# Is there a difference between extremely slow growing functions and constants with respect to computable functions?

So let's say we have the function $$f(n)$$ that gives $$k$$ such that $$k$$ is the smallest number that gives a busy beaver function $$B$$ value from input $$k$$ that is greater than $$n$$. Or more succinctly the smallest $$k$$ with $$B(k) > n$$. Can there be computable functions that are not in time complexity class $$O(n^c)$$ for some constant $$c$$ but that are in $$O(n^{f(n)})$$. And by extension, is it true that $$P = O(n^{f(n)})$$?

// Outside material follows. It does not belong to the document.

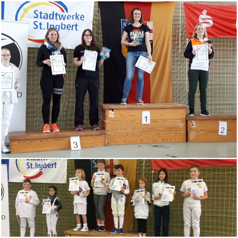 Fünf Florettdamen, darunter eine Fechterin aus Kaiserslautern und eine aus Alzey, kämpften samstags um den Meistertitel. Die Dillingerin Victoria Groß stand nach der Vorrunde auf Platz 2 und hatte daher im Viertelfinale Freilos genau wie die an 1 stehende Sarah Reeb aus Kaiserslautern. Reeb gewann im Halbfinale gegen Danielle Trittelvitz vom ausrichtenden Verein. Victoria konnte ihr Gefecht gegen die Pfälzerin Blass erfolgreich beenden. Im Finale hieß es nun Groß gegen Reeb, eine Paarung, die schon eine lange Tradition bis in die B-Jugend-Turniere zurück aufweist. Letztlich musste Victoria Groß sich der Kaiserslauterner Fechterin geschlagen geben. Sarah Reeb belegte den 1. Platz bei den offenen Landesmeisterschaften, Victoria Groß wurde beste Saarländerin. Blass und Trittelvitz belegten gemeinsam den 3. Platz, Winona Marx aus Holz wurde Fünfte.
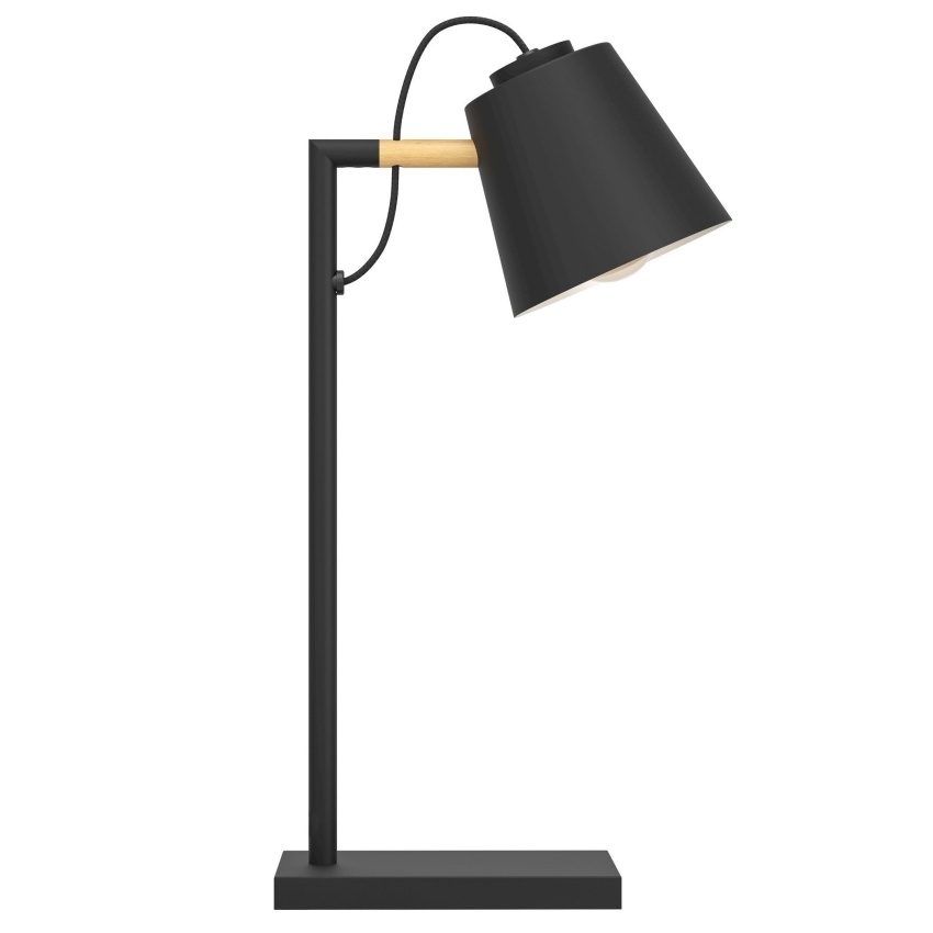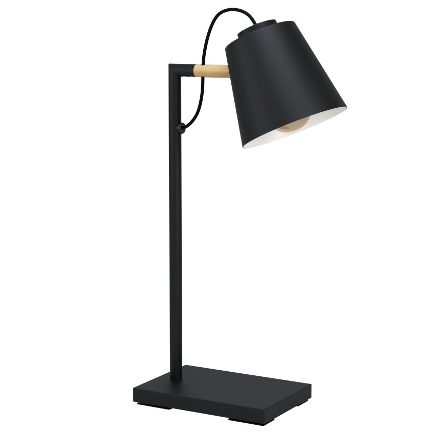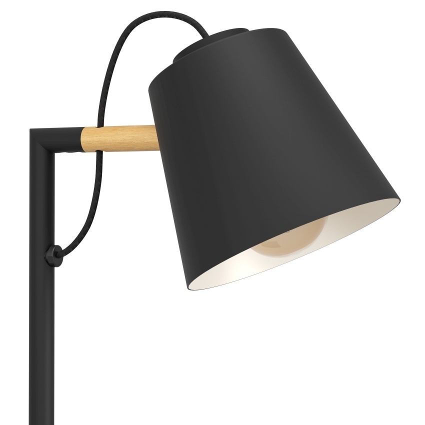 Stolní svítidlo EGLO LACEY s kombinací černé barvy a přírodního dřeva pro moderní interiéry.

• Busy Beaver can't be computed, and thus also $f$ cannot be computed (think of a way knowing $f$ to compute BB). I don't understand how this has to do anything with the rest of the question though. And no, if $f$ is constant then $O(n^{f(n)})$ is like $O(n^c)$, which does not contain all $P$ Jul 28 at 10:06
• @nirshahar I think I wasn't clear enough, I didn't mean $f$ would be constant. I also did not mean to assert that $f$ is computable. I meant to say that given such slow growing $f$, then complexity class $O(n^{f(n)})$ must contain all functions $O(n^c)$ for constant $c$, since $f$ grows and $c$ doesn't. I was just wondering if such a complexity class for computable functions contains anything other than polynomial-time functions? Jul 28 at 10:13
• If $f$ grows fast enough (e.g, at least $\omega(\log(n))$), then yea - by the time hierarchy theorem Jul 28 at 10:18
• @nirshahar Yes, I think I've made it a little more clear, but I specifically meant to ask about the case where $f$ grows slower than any computable function that is not a constant. Jul 28 at 10:22
• Then $f$ must be constant, otherwise it would need to grow slower than $\log(f(n))$, which is clearly much slower-growing than $f(n)$ itself Jul 28 at 10:29

Your definition of $$f$$ is $$f(n) > k \Longleftrightarrow B(k) \leq n.$$ Now suppose that $$M$$ is a Turing machine that runs in time $$C n^{f(n)}$$ but not in polynomial time. Since $$M$$ does not run in polynomial time, for every $$k$$ we can find $$n$$ such that its running time for some input of length $$n$$ is more than $$C n^k$$; this can be done effectively, by going over all strings. Having found such $$n$$, we can conclude that $$Cn^k < Cn^{f(n)}$$ and so $$f(n) > k$$, implying that $$B(k) \leq n$$. Since we can compute such $$n$$ for every $$k$$, this allows us solve the halting problem, showing that no such machine $$M$$ can exist.
As for your second question, if $$g(n) \to \infty$$ then every polytime machine trivially runs in time $$O(n^{g(n)})$$. Indeed, if the machine runs in time $$Cn^C$$ then since $$g(n) \to \infty$$, we have $$g(n) \geq C$$ for large $$n$$, and so $$Cn^C = O(n^{g(n)})$$. This shows that every language in $$\mathsf{P}$$ also lies in $$\mathsf{TIME}(O(n^{f(n)})) = \bigcup_{C \in \mathbb{N}} \mathsf{TIME}(Cn^{f(n)})$$ (often we use $$\mathsf{TIME}(n^{f(n)})$$ to denote this class). As we have seen above, the converse also holds, and so $$\mathsf{P} = \mathsf{TIME}(O(n^{f(n)}))$$.